SON: The Key to LTE Commercialization

LTE is preferred by operators because it can reduce user delay, it can handle higher user data rates, it has higher volume and better coverage, maintenance costs are lower, and it can be smoothly evolved. However, these advantages do not guarantee the LTE will be successful commercialized. Better user experience and lower operation costs bring with them new challenges in terms of network deployment, maintenance, and implementation. Self organization is a newly introduced network concept that improves the intelligence of LTE networks.

What is SON?

Self organizing network (SON) is a complete set of network concepts for the development of LTE. It is designed for operators who are trying to reduce LTE network construction and OAM costs. It has now been extended to include the entire wireless network.

SON is a new idea for network construction, operation, and maintenance. It is based on the latest wireless technology and combines the advantages of traditional network planning and optimization. SON is mainly applied to LTE but can also be applied to 2G and 3G networks.

What Functions Does SON Have?

SON is characterized by self-configuration, self-optimization, and self-healing.  

Self-configuration means that there is little or no human intervention, from equipment installation to network access. It simplifies new station measurement processes, reduces the necessity for human intervention, and lowers construction needed for realizing plug and play. It substantially reduces the difficulty of deploying new base stations and OAM costs. A SON is capable of autonomously establishing transmission, authenticating nodes, installing and updating software versions, testing equipment, planning neighbourhoods, managing assets, and planning wireless parameters.

Self-optimization involves automatic optimization of network parameters. UE and eNB performance are measured in order to improve network quality and reduce optimization costs. Traditional optimization of OAM is based on assessments made by engineers after drive tests have been performed and simulation data analyzed. SON reduces the need to hire specialists and provides timely reminders and more accurate, detailed test data for network defects. It quickens the processing speed of the trouble ticket. Self-optimisation includes optimizing coverage and capacity, adjusting power transmission (or even shutting down cells) to save energy, detecting and reconfiguring to avoid conflict or confusion, optimizing mobility robustness and load balance, optimizing RACH, coordinating intercell interference and optimizing QoS.   

Self-healing, by definition, means the network can cure itself of network problems. Self-healing involves correlating alarms, locating root causes, detecting silent cells, detecting and compensating for faulty cells, and automatically tracking and diagnosing problems.

SON involves all aspects of network deployment, and makes traditional OAM methods more intelligent.

Why Does LTE Need SON?

The network element node of an LTE access network is evolved NodeB. eNB evolved from NodeB and RNC in 3G. X2 is the interface between nodes, and S1 is the interface of the core network. The compressed nodes considerably improve processing speed and efficiency in internal signalling. The full evolution of packet networks is a typical improvement in LTE networks. The 3GPP definition of SAE architecture specifies support for multiple wireless modes and the necessity for high speed, low latency, and optimized packet transmission. S1 is must be used to switch between different network standards, and X2 can be used to switch between LTE cells.

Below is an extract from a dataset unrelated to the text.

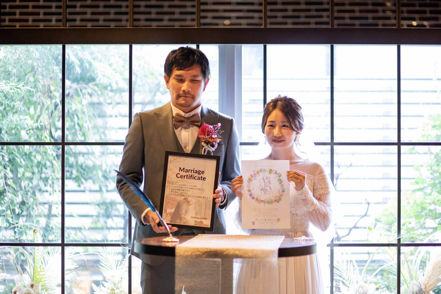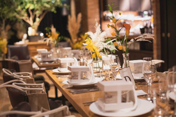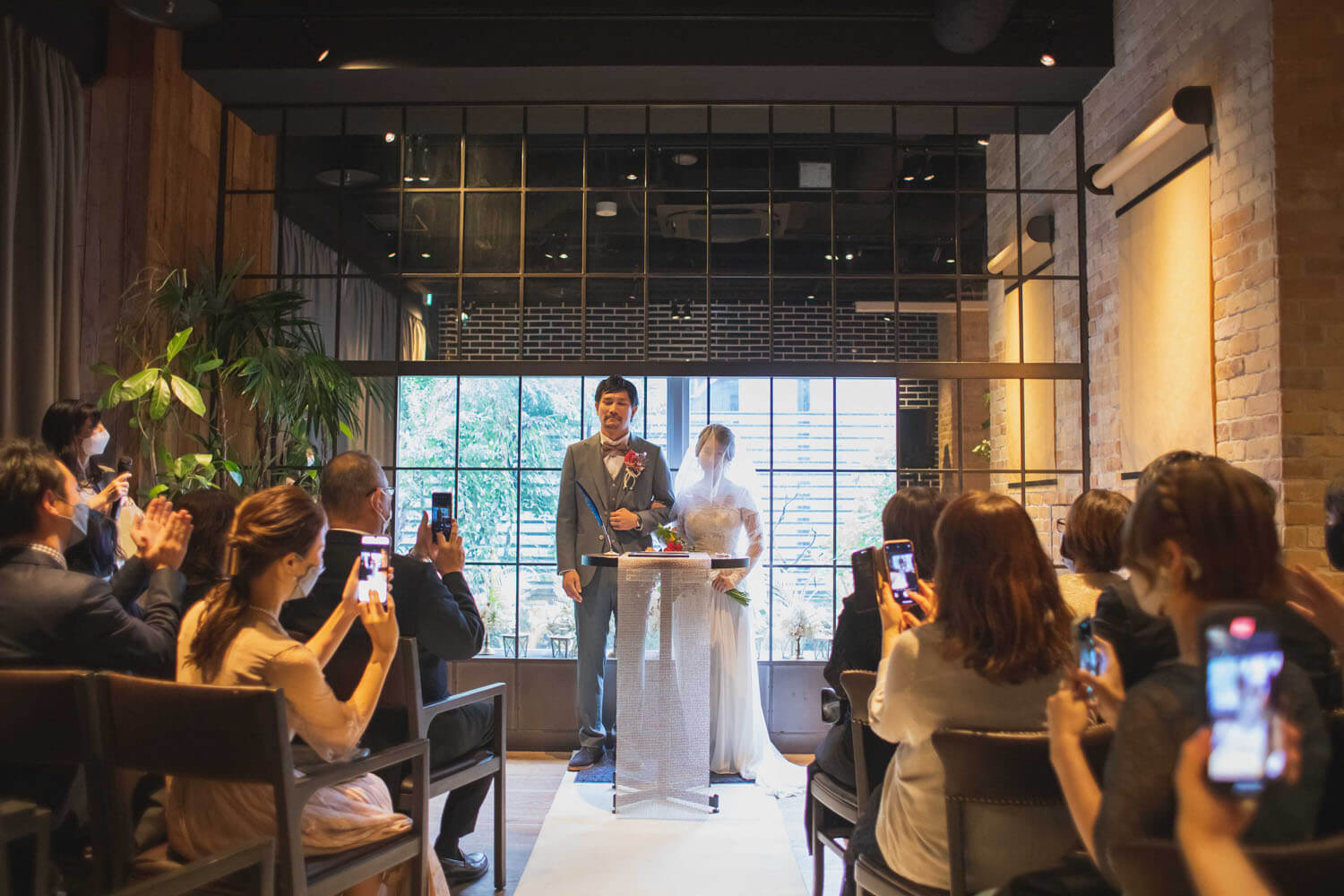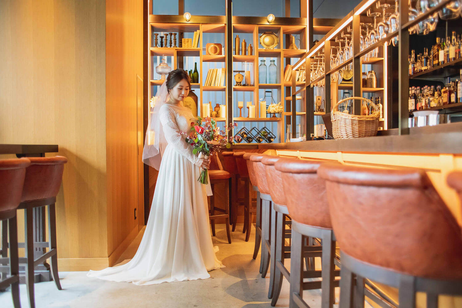 会場は温かみのあるお花にパンパスグラスを合わせトレンドを取り入れた素敵な空間に。ゲストと近くで楽しむためにあえてソファーをメインとして取り入れることで、アットホームでゲストの皆様が自然とお二人の元に集まるようなおふたりの想いをカタチにしました。

Because of LTE’s flat structure, eNBs encompass two original elements of the access network of 2G and 3G. Therefore, the number and complexity of wireless base station configuration parameters increases sharply. The cost of network planning, OAM, and upgrading is unacceptably high for operators. Also, the number of element nodes and eNBs increases significantly for the full-coverage LTE network. Because of the considerably weakened LTE frequency and penetration loss at high-frequency, small cells are used by leading telecommunication manufacturers and operators.

For full coverage and high capacity, HetNet is proposed. In addition to macro eNB, home eNB is introduced to extend indoor coverage and increase capacity in urban hotspots. Wireless relay stations are used for low-cost coverage. All these elements form a real heterogeneous network. Macro stations reduce the operation cost of SON, and home eNB meets the needs of SON in various scenarios. It is necessary to consider the affect of changing wireless environment, turn-on time and frequency flexibility, and power consumption for end users. These are challenges in traditional network planning, construction, and maintenance.

In addition, the coexistence of LTE, 2G and 3G networks needs to be taken into account to ensure smooth future evolution.

Many other issues cannot be dealt with by traditional maintenance methods. Such issues include capacity and power consumed as a result of wide coverage, flexible deployment and changed OAM modes based on home eNB, interference caused by hotspot coverage, and load adaptation. These increase labor and maintenance costs, and so operators have long awaited the arrival of SON.

SON’s Progressive Development

SON is an essential part of LTE development and commercialization. As a result of 3GPP and NGMN-related projects, issue-tracking and legalization are under way. There is still much work to be done in terms of functional collaboration and improvement. Commercialization involves a run-in period. ZTE, the leading provider of LTE equipment and solutions has been keeping abreast of relevant legislation and is conducting R&D on SON. As the result of substantial investment in R&D, ZTE has come up with a series of SON solutions.

SON is an essential driving force behind the evolution from mobile telecommunication networks to smart networks and is playing an increasingly important role in LTE.